The Yale Big Data to Knowledge (Yale-BD2K) project aims to develop and deliver novel methodological approaches and tools that will advance our ability to generate meaningful knowledge from large, complex health care data collections. Conventional methods used in the fields of epidemiology, health services research, and other clinical research are decades old and often do not scale well to complex, multidimensional data collections.
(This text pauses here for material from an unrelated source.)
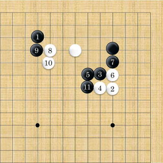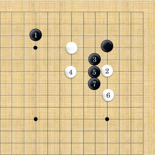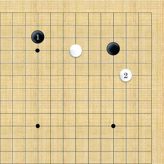 | 小ゲイマ両がかり。小ゲイマに両ガカリするのが最も多い。 |

To overcome these limitations, we have assembled a team of international leaders in outcomes research, mathematical and modeling sciences, informatics, computer science, engineering, software development, economics, and implementation science that will work together to integrate and apply methods from their respective fields towards complex questions utilizing big healthcare data. We are committed to interdisciplinary approaches and have developed approaches that bring individuals together to work on common problems. We have included the analytic, translational, and clinical skills necessary to cover the breadth of expertise necessary for transformational progress.

We work on specific classes of research questions, or use cases, focusing the entire team in a joint effort to produce new methods. Examples of use cases include:

  • Health risk determination
  • Comparative effectiveness research (causal inference)
  • Surveillance
  • Discovery (hypothesis generation).
With the development of successful approaches into generalizable tools, we are also committed to disseminating these tools, training researchers in their use, and collaborating externally to ensure that our work makes a difference for patients and society.